In the entries that follow, find the line containing "新中式茶室书法厅 3d模型下载 [模型ID:101608]"; from there, copy every line exactly through the line containing "Armon vuonna 2025".

▶ SOURCE MATERIAL:
──────────

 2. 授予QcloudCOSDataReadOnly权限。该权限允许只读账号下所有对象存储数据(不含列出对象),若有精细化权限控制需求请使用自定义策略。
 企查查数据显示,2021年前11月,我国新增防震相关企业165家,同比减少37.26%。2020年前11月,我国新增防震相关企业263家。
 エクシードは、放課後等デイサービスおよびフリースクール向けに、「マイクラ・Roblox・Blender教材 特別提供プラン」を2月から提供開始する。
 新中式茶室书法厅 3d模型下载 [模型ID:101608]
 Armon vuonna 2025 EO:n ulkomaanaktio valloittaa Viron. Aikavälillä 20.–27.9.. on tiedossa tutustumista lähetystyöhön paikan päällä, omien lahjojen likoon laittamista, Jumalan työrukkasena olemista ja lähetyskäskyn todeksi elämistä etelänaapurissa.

──────────

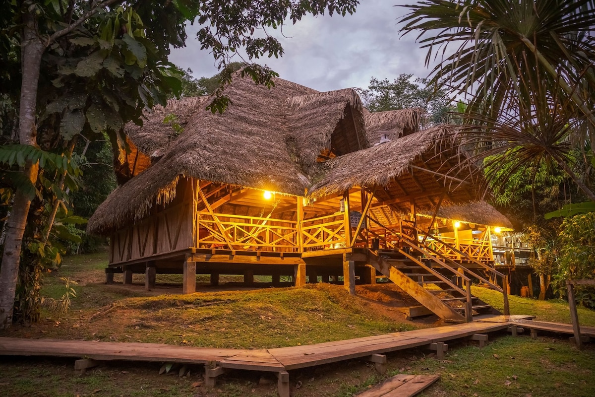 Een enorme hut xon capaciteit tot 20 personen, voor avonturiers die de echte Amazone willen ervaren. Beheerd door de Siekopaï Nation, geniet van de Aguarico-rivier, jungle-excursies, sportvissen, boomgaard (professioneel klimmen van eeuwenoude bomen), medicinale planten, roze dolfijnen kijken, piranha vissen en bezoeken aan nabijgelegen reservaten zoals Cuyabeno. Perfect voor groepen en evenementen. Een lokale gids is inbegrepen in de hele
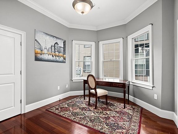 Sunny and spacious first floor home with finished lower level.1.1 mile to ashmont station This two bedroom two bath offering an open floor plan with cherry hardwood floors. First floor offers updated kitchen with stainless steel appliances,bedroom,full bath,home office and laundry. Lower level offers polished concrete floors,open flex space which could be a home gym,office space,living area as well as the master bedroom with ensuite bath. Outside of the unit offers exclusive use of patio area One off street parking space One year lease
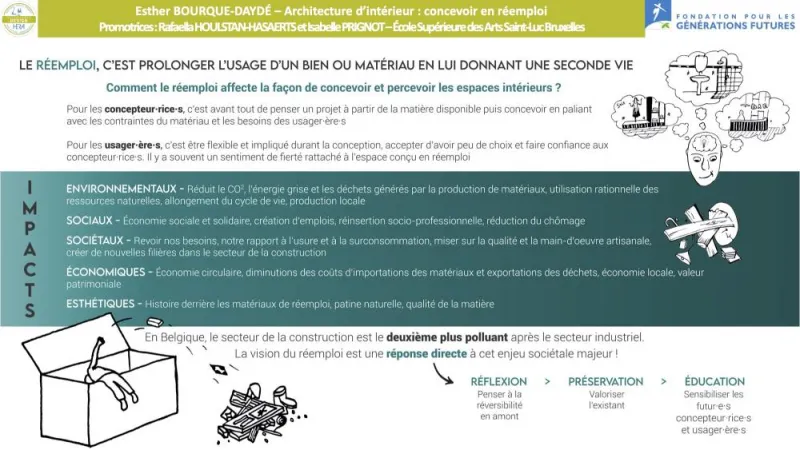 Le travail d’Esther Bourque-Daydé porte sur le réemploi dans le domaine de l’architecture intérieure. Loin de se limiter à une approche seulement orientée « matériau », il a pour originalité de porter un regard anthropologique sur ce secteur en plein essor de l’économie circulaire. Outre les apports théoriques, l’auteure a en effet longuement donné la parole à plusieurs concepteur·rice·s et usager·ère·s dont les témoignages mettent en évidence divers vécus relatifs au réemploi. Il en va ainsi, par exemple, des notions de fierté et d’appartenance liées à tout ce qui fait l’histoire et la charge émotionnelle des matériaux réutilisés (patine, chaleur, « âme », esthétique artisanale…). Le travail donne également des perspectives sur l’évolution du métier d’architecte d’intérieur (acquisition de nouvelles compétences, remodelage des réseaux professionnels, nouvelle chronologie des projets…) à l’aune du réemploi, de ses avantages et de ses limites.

──────────

▶ EXERCISE ANSWER:
 新中式茶室书法厅 3d模型下载 [模型ID:101608]
 Armon vuonna 2025 EO:n ulkomaanaktio valloittaa Viron. Aikavälillä 20.–27.9.. on tiedossa tutustumista lähetystyöhön paikan päällä, omien lahjojen likoon laittamista, Jumalan työrukkasena olemista ja lähetyskäskyn todeksi elämistä etelänaapurissa.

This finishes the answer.